Tips for capturing close-ups | News, Sports, Jobs
I’m ready for my close up now.
It’s the time of year when flowers bloom, pollinators pollinate and photographers take pictures. I thought this would be a good time to offer some advice to those trying to capture things up close. There are several ways to take pictures close to your subject. One is to use a macro lens and the other is to use whatever camera you might have in your pocket. Your phone.
A macro lens is a lens designed to focus extremely close. I’ve had one for decades. The Nikon 50mm is an all-manual lens that I bought second-hand in the early 1980s. It was probably made 50 years ago. Since Nikon never changed their lens mount, I can still use it on a digital camera. You have to focus and set the aperture manually, which in this case is a good thing.

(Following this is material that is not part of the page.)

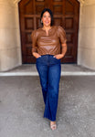 Edgy meets feminine in this faux leather top, designed with a split V-neckline and short puff sleeves. Subtle pintuck detail at the cuffs adds a tailored touch, while the sleek caramel finish brings modern appeal. Crafted from a luxurious faux leather blend, it offers structure with a soft feel, perfect for casual outings and sophisticated evenings.

All cameras, including the one on your phone, have depth of field with focus. Depth of field is the area that will be in focus in a photo, measured from the first point of sharp focus to the last point of focus. Two things affect depth of field. Your aperture setting and the distance between you and your subject. The smaller the aperture aperture on a lens, the less light it will let into the camera, but the greater the depth of field. By using an aperture like f32 you can get a decent amount of the photo in focus. Your trade-off is that it requires a longer shutter speed to compensate for the light reduction caused by the smaller aperture.

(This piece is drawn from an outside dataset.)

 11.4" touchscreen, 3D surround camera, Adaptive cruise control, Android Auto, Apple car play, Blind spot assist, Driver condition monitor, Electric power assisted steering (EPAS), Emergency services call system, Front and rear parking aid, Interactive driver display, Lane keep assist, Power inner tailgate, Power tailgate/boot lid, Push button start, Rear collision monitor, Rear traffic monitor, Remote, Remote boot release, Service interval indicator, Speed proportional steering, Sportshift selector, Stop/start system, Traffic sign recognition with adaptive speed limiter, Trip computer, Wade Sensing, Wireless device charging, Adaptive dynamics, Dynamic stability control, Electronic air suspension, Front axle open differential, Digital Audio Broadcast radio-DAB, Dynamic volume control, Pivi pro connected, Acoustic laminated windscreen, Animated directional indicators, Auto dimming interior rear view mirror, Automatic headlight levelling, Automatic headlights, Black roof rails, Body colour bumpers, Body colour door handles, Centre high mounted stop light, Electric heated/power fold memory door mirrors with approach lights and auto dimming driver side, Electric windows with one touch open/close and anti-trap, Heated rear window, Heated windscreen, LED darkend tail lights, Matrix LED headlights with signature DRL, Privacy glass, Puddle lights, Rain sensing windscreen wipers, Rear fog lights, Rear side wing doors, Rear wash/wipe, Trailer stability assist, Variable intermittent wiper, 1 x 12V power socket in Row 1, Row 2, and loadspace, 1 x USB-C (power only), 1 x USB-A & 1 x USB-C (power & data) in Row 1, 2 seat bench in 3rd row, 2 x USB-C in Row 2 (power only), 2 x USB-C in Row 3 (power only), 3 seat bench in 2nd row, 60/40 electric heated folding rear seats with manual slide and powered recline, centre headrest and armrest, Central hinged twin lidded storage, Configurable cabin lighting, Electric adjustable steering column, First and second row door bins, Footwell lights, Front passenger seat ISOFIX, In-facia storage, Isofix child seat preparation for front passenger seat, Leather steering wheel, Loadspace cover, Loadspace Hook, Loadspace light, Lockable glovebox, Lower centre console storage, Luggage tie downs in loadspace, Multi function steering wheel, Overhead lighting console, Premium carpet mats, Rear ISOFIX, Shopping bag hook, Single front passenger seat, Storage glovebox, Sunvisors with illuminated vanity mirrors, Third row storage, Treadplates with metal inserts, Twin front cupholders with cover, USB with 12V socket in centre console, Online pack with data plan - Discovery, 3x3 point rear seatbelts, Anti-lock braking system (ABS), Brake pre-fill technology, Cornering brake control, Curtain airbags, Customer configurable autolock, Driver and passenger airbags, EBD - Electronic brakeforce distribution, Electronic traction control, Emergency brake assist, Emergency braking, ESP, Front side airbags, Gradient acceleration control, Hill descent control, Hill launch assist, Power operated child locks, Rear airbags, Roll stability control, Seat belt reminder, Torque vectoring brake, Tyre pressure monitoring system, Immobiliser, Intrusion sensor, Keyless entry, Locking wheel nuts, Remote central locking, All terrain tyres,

The photo on page 2 today was taken with a macro lens. A similar photo on this page was taken with a phone. Notice the difference in the sharpness of the flowers in each, especially those in the back.

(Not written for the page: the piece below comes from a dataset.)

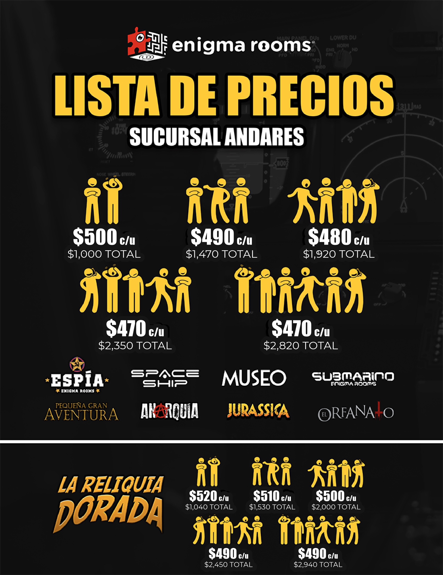 Los precios señalados son en MXN e incluyen 60 minutos máximo de juego en el Enigma Room® de tu elección. Todos los precios son más IVA, en caso de requerir factura. La factura se debe solicitar el día del evento, siendo únicamente facturable en el mes en el que se genera el ticket de venta.

Focusing with a macro can be tricky because the depth of field is so short. What worked for me was bringing the focus closer and then moving my body slightly until the image was in focus. I’ve used it for newspaper photos for decades. In addition to the photo on page 2 today, I also used it to take a photo of the center of a dogwood flower that appeared in the newspaper last month.
Most people, of course, don’t have a 50-year-old macro in their pocket, so they resort to their phones. A phone will work fine but will take a bit of trickery to get what you want. While my macro is 100% manual, a phone’s camera is almost 100% automatic. There isn’t really a way to change the aperture, but if you work with it you can get the focus you want. A phone’s camera will by default try to focus the image as much as possible, which can leave the background in focus and your subject not. Tapping the screen where the subject is will not only improve your exposure, but it can also change your focus. Try going in and out a bit until you see the flower, bee, spider or whatever comes into focus, then move forward and out a bit and take several shots. One is certain to be sharper than the others.
A macro lens, for the most part, will focus closer than your phone. Remember, it’s better to have a sharp photo that needs to be cropped than a blurry photo that fills your entire screen. When composing the photo, remember that it will be more exciting if it has several subjects. A drop of rain and a sunrise, for example, or a flower and a bee. Close-up photography can be rewarding because it can showcase beauty that normally goes unnoticed.
Remember, if you want it submitted as a photo to use on Page 2, make sure it’s clean and horizontal.